Many of us have had embarrassing experiences with our identification.

Some of you, in younger days, tried to purchase alcohol using fake IDs. Maybe it worked, maybe you found yourself in a world of hurt … that’s between you and your local sheriff.

Once past legal age, it’s merely or annoying—or, for some people, flattering—when a server asks you to confirm your age. The primary humiliation associated with your driver’s license these days focuses on that goofy picture.

Unless you’re Maria Bergan of Lakewood, Ohio.

Poor Maria. All she did was show her ID to the bar waitress to buy a drink.

Too bad the driver’s license she handed over actually belonged to that waitress—who had reported her wallet stolen weeks earlier and was stunned to see her own face looking back at her from Maria’s identification.

Poor Maria. Now she’s facing charges of identity theft and receiving stolen property.

This Ohio waitress, however, is not the first person to suffer from identity issues. Click on each of the links below to see a pair of celebrity look-alikes in a new window.

Actor Ethan Hawke … and singer Mark McGrath

Former Beatle Ringo Starr … and former Palestinian leader Yasir Arafat

Actress Eva Longoria … and actress Marisa Tomei

UN Secretary General Kofi Annan … and actor Morgan Freeman

Emperor Palpatine from Star Wars … and Pope Benedict XVI

They say that everyone has a twin somewhere in the world. And these pictures back that up.

Which leads me to ask: What celebrity do you most resemble?

If it’s a waitress in Ohio, think twice about flashing that ID.

58 Comments:

At August 02, 2006 8:09 AM, Blogger DaBich replied to my musings ...

I don't think I resemble any celebrity, but I sure have a lot of look-alikes. People regularly walk up to me on the street or in the mall, and say "Hey Cathy(or Maria or...insert name), how have you been, long time no see!"
Uhhh..sorry, you have me confused with someone else.
It happens all the time!

 
At August 02, 2006 8:15 AM, Blogger Death Warmed Over replied to my musings ...

Ringo and Arafat and the Pope and Palpatine were the closest. Especially Ringo.I'm always mistaken for a non specific person. Often people say, "I know you from somewhere." But they never can figure out where. Eventually they'll say "Were you ever at so and so?" And I'll just agree with them so they'll leave me alone.

 
At August 02, 2006 8:34 AM, Blogger Jenna Howard replied to my musings ...

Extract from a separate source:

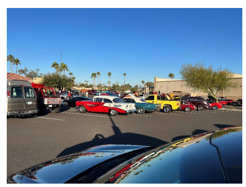
About 70 Cars Attended

I am unique! I am untwinable!

That being said when I was 12 I looked like Punky Brewster. That kind of "twinning" doesn't help you in junior high. It really, really doesn't. Sigh. I suppose it could be worse...I could've been twins with George.

Now I'd kill to be carded now. I really, really would. Sigh. And the Ringo/Yasir? Spooooooky, as my non-twin's 3 year old would say.

 
At August 02, 2006 8:41 AM, Blogger Curare_Z replied to my musings ...

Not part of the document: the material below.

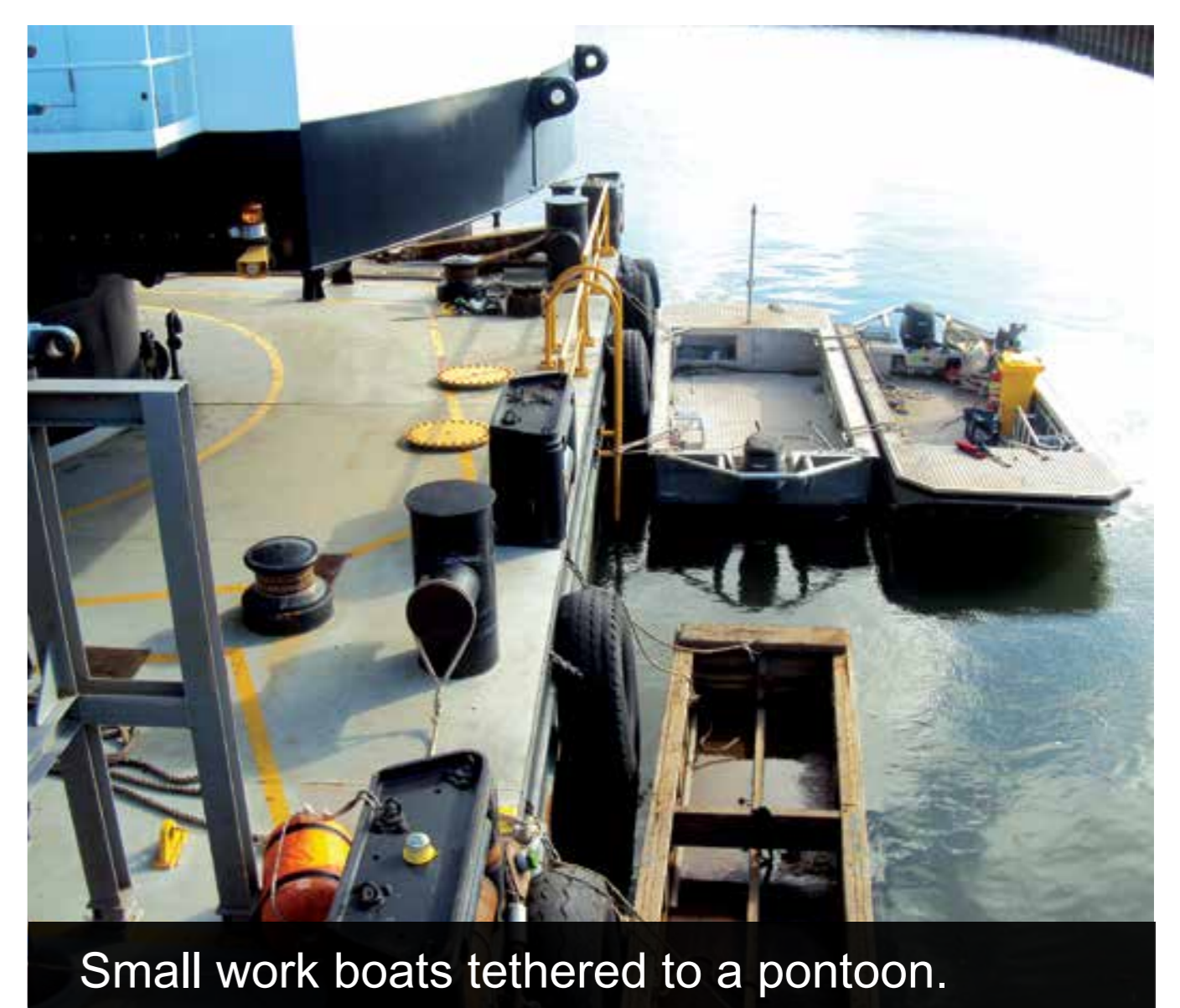
Small work boats tethered to a pontoon.

I AM a celebrity ... in my own mind at least.

There was a time in my life, when I had big hair and clapped like a seal, so I resembled Paula Abdul. *shudder* There was definitely something wrong with me then.

 
At August 02, 2006 8:59 AM, Blogger Mike replied to my musings ...

That's pretty funny.

In my younger days (more hair on my head and less on my face), I was told that I looked like Jerry Seinfeld. I was even in Sweden once and a bunch of people over there came up to me in a bar just to tell me that. Wish I had his money.

 
At August 02, 2006 9:15 AM, Blogger David Amulet replied to my musings ...

Dabich: Better not to be mixed up with any celebrity than to be confused with bad ones. And there are lots of them.

DWO: I wonder if the Pope can shoot electricity out of his fingertips.

Jenna: We're all gald you grew out of that Punky Brewster phase. Nobody wants to see more of that.

Curare: I'm glad you've grwon out of the big hair phase. But, I hate to tell you, you're still doing that clapping like a seal thing. And it's embarrassing when we're out in public together.

Mike: You should have capitalized on that and had some free drinks!

-- david

 
At August 02, 2006 9:29 AM, Blogger Perplexio replied to my musings ...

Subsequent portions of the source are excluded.